Before the data in a Genomic Database can be accessed one must establish connection with it by calling gdb.init function. On launch the package connects to a Genomic Database located in PACKAGEDIR/trackdb/test which serves all the examples in the reference manual.

A valid Genomic Database should contain the following files and subdirectories:

  • chrom_sizes.txt: is a file containing the list of chromosomes and their sizes.
  • tracks: is a directory that servers as a repository for all tracks and interval sets. May contain other subdirectories.
  • pssms: is a directory containing PSSM sets (PSSM data and PSSM key files).
  • seq: is a directory containing full genomic sequences.
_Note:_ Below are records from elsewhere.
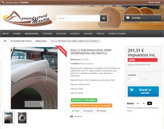 Precio rollo 50 metros 242€+iva= 292€ Manguera para sembradoras neumáticas, diámetro interior 30mm, rollo de 50m, aunque es la manguera fabricada para sembradora neumática Solá, también sirve para otras marcas del mercado como Gil, Aguirre o Solano Horizonte. Precio: 240.75€ + iva= 291.31€. Sale a 4.82€+iva= 5.82€ metro comprando en rollos de 50 metros. Tambien disponible por metros al corte. Se hacen envios comprando en nuestra web no inclidos en el precio. Más información solo por teléfono 978040004 o en la web Agroindustrialmartin.com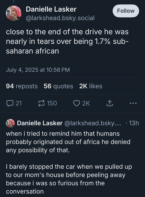 Now, depending on the information and the story, maybe the fact that the source is a nazi doesn't keep you from reporting it. But a real journalistic outfit would be pretty fucking careful. They'd want to make sure they weren't being used to advance the nazi's agenda and they would want to be honest with their audience about who their source was. Did the Times do any of that? No. They were happy to tell exactly the story the nazi wanted them to tell, they gave the nazi anonymity, and even described him as an "academic" so their audience would think the source was something other than a dipshit, gutter racist little nazi freak. And published this on the same day SCOTUS just gave the OK for Trump to illegally render people to third-world torture prisons and the GOP passed their bill destroying Medicaid and giving ICE a bigger budget than all but two militaries on the planet get.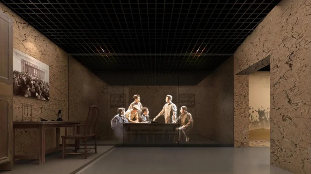 左侧历史物件还原指挥部内部场景,空间内设置悬浮影像再现当时会议场景,让观众身临其境,走进历史。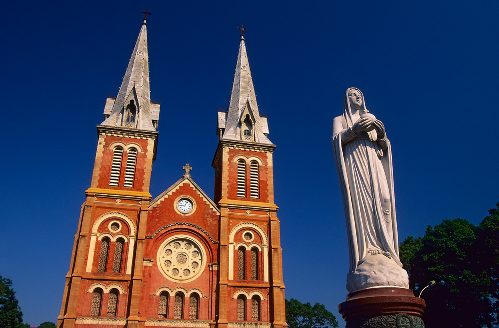 胡志明市圣母大教堂,因使用紅磚建造,又稱紅教堂,是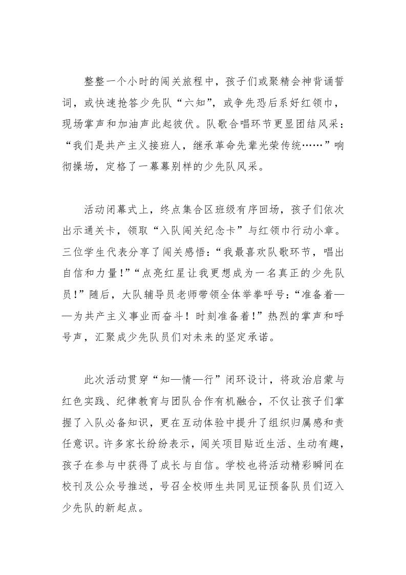 一年级分批入队闯关新闻稿——入队闯关立志向誓言铿锵启新章 07-15 管理相关 523 ——预览已结束,还剩1页未读——开通会员后可免费下载高清完整文档 资源下载此资源下载价格为15米,VIP免费,请先登录 资源下载下载价格15 米VIP免费请先登录 0 0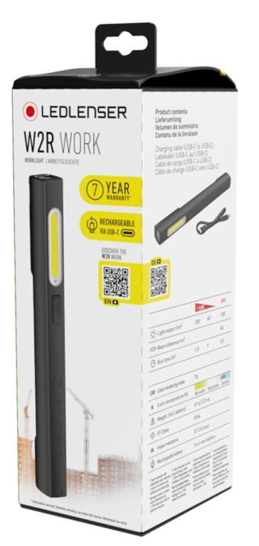 W2R Work je kompaktna, zmogljiva in izjemno natančna svetilka v obliki pisala (»pen light«). Odlično svetlobo svetilka zagotavlja prek reflektorja s katerim vidite vse detajle, ali pa preko LED luči za osvetlitev širokega območja. Svetilka ima tudi varnostno varovalo, ki preprečuje nenameren vklop in tako poskrbi, da se baterija ne izprzni. Svetilka ima obliko pisala in je opremljena z zaponko s pomočjo katere jo lahko brez problema namestite na prsni žep. Polnite jo enostavno s pomočjo priloženega USB-C kabla.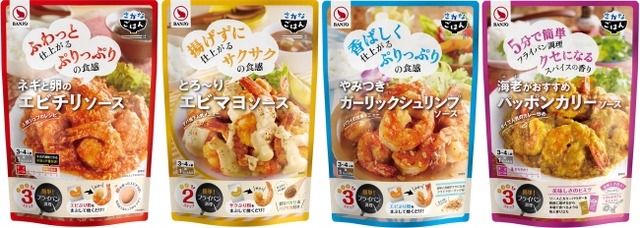 「ネギと卵のエビチリソース」、「やみつきガーリックシュリンプソース」に付属した「エビぷり粉」は、焼く前にエビにまぶすことで、エビを焼く際の水分消失を抑え旨味を閉じ込めて焼き縮みを防ぎ、エビ本来のぷりっとした食感をお楽しみいただけます。また、「とろ~りエビマヨソース」に付属した「サクぷり粉」は、エビぷり粉同様、エビをぷりっとした食感に仕上げるだけでなく、「揚げ物は食卓にボリュームが出て、美味しいから好き」だが「片付けが面倒」「油はねが危険」といった主婦の揚げ物に対する悩みを解決し、フライパンで焼くだけで簡単にサクッとした軽い食感のフリッターに仕上げます。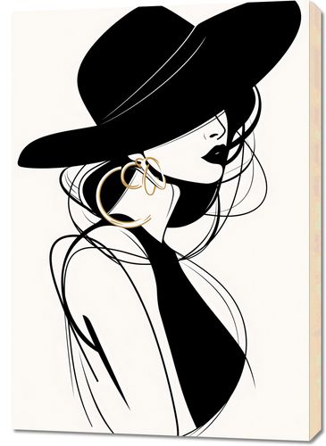Obraz z serii minimalistyczne zatytułowany Uwikłana Elegancja. Grafika przedstawia sylwetkę tajemniczej, eleganckiej postaci w szerokim kapeluszu, co nadaje kompozycji aurę wyrafinowania i gracji. Stylizowany portret, wykonany czernią i bielą z akcentami złota, emanuje klasyką i nowoczesnością. Silny kontrast i płynne linie podkreślają zmysłowy kształt ujęcia oraz wytworność biżuterii, sugerując wyrafinowany gust i pewność siebie modelki. Obraz ten idealnie wpasuje się w eleganckie wnętrza, gdzie klasyka spotyka się z nowoczesnością, doskonale nadając się do salonów, sypialni, garderoby lub jako elegancki akcent w przestrzeniach komercyjnych, takich jak salony piękności czy butiki.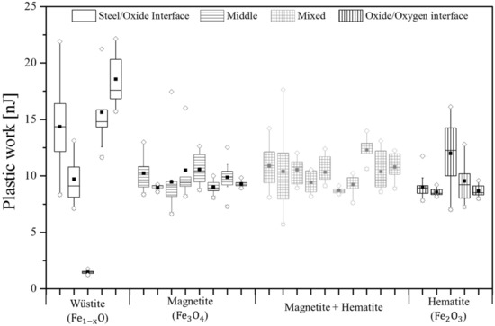 The micromechanical properties of the oxide scales were important in this work since they had an indirect effect during cooling in the CC process, and they comprised one of the reasons for the surface quality issues on the steel slabs. For instance, the plastic properties in wüstite increased significantly to 20 GPa in comparison with magnetite and hematite, where values remained almost the same (10 GPa), as shown in Figure 19.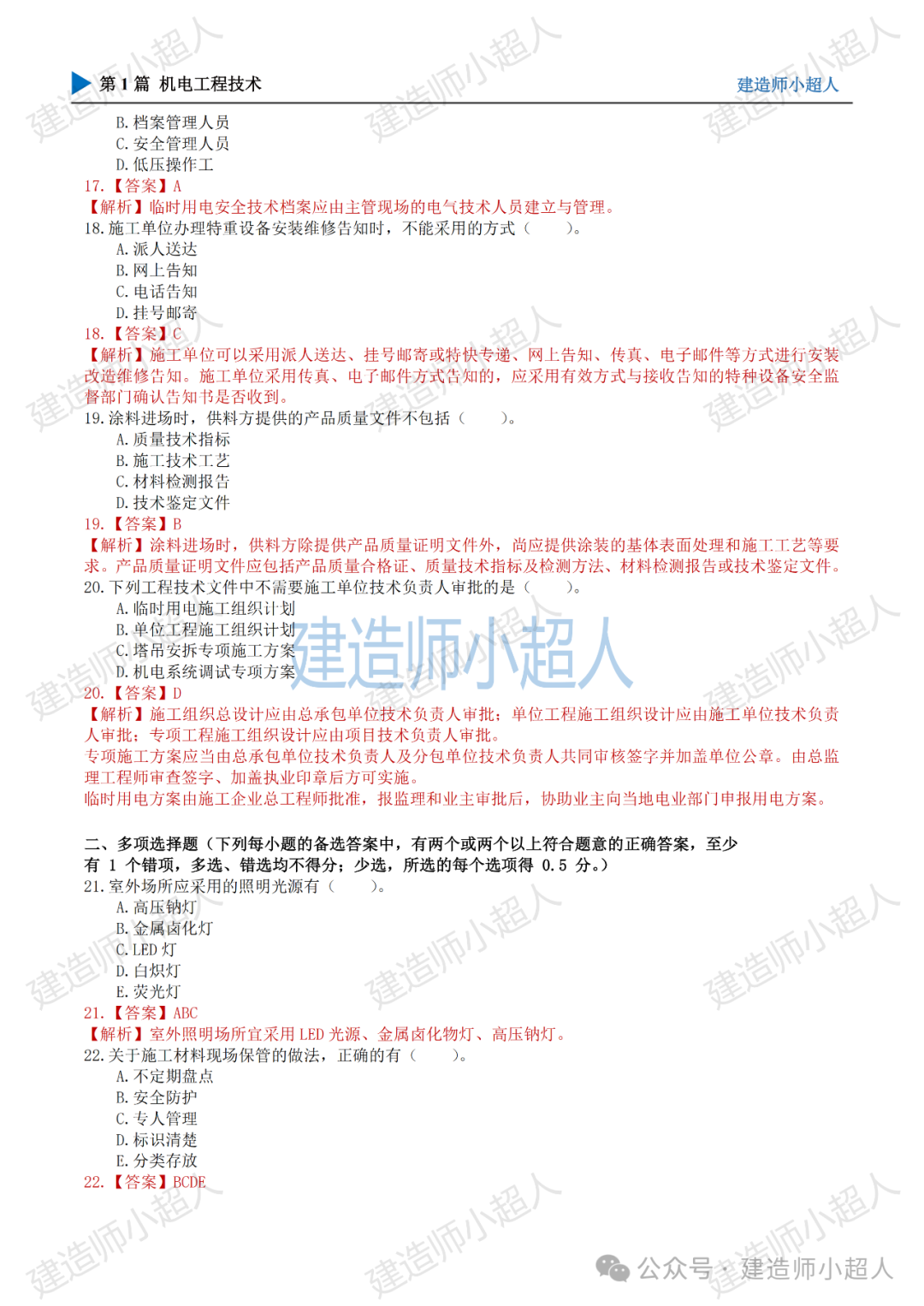 25二建(机电)真题!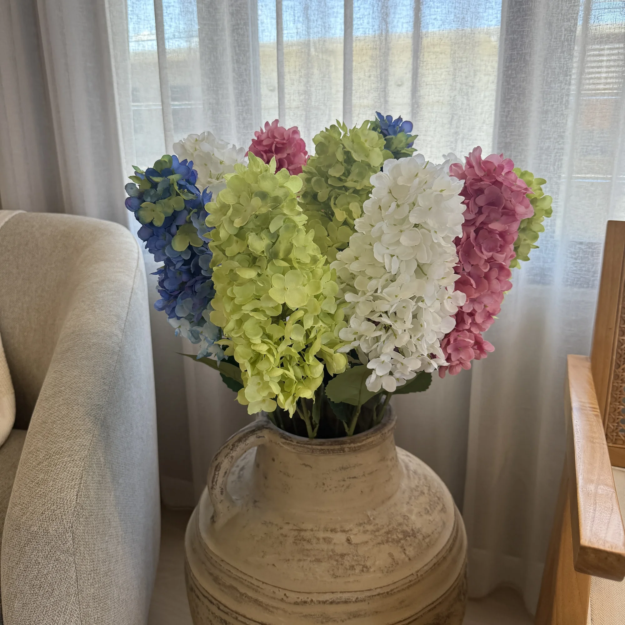 Hydrangeas are widely used by florists because they provide volume quickly. One stem can visually fill the space of several smaller flowers, helping create full, balanced arrangements without overcrowding.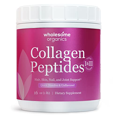 Wholesome Organics Collagen Peptides Powder (Type I & III) - Hair, Nails, Skin and Joint Health - Grass Fed & Pasture Raised - Hydrolyzed Collagen, Non-GMO, Dairy Free, & Keto - Unflavored (16 Oz)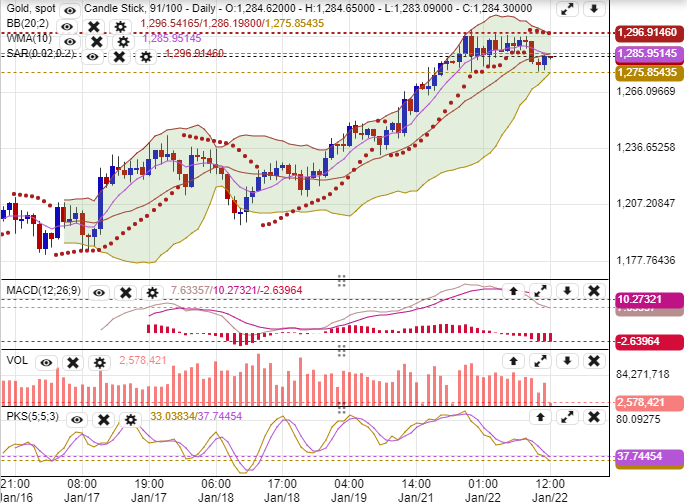 【黄金】下行支持位1277/80美元, 上方阻力位1286/90美元

pssms and seq directories are optional and are required only by a subset of functions in the package.

An example of a Genomic Database file structure:

hg38/              <- Genomic Database root directory
   chrom_sizes.txt
   .ro_attributes  <- List of read-only attributes
   pssms/             <- (optional)
      motif1.data        <- pssm data file
      motif1.key         <- pssm key file
      mypssm.data        <- ...
      mypssm.key         <- ...
   seq/               <- (optional)
      chr1.seq           <- seq (sequence) files
      chr2.seq           <- ...
      chr3.seq           <- ...
   tracks/
      tss.interv         <- small intervals set = tss
      big_data.interv/   <- big intervals set = big_data
         .meta              <- summary of the intervals set
         chr1               <- chrom files
         chr5               <- ...
      rpt.track/         <- track = rpt
         .attributes        <- track attributes (optional)
         chr1               <- chrom files
         chr2               <- ...
         chr3               <- ...
         vars/              <- track variables (optional)
             myresult           <- track variable
      test/
         intervals1.interv  <- intervals = test.intervals1
         track1.track/      <- track = test.track1
         .attributes        <- track attributes (optional)
         chr1               <- chrom files
         chr2               <- ...
         chr3               <- ...
      savta/
         fourC.track/    <- track = savtra.fourC
            chr1               <- chrom files
            chr2               <- ...
            chr3               <- ...

File Formats

chrom_sizes.txt

chrom_sizes.txt file must be located under the root directory of Genomic Database. This file lists the chromosomes and their sizes. The chromosome name appears in the first column, the size is indicated in the second column. The chromosome name should appear without “chr” prefix. The two columns are separated by tab character. Example:

1    247249719
2    242951149
3    199501827
X    154913754
Y    57772954

Seq File

Seq (aka sequence) files are located in seq directory. Each of the Seq files contains a genomic sequence for a given chromosome as a contiguous string of ASCII characters. The length of the string should match the length of the chromosome. The file must be called chrXXX.seq where XXX indicates the name of the chromosome as it appears in chrom_sizes.txt file.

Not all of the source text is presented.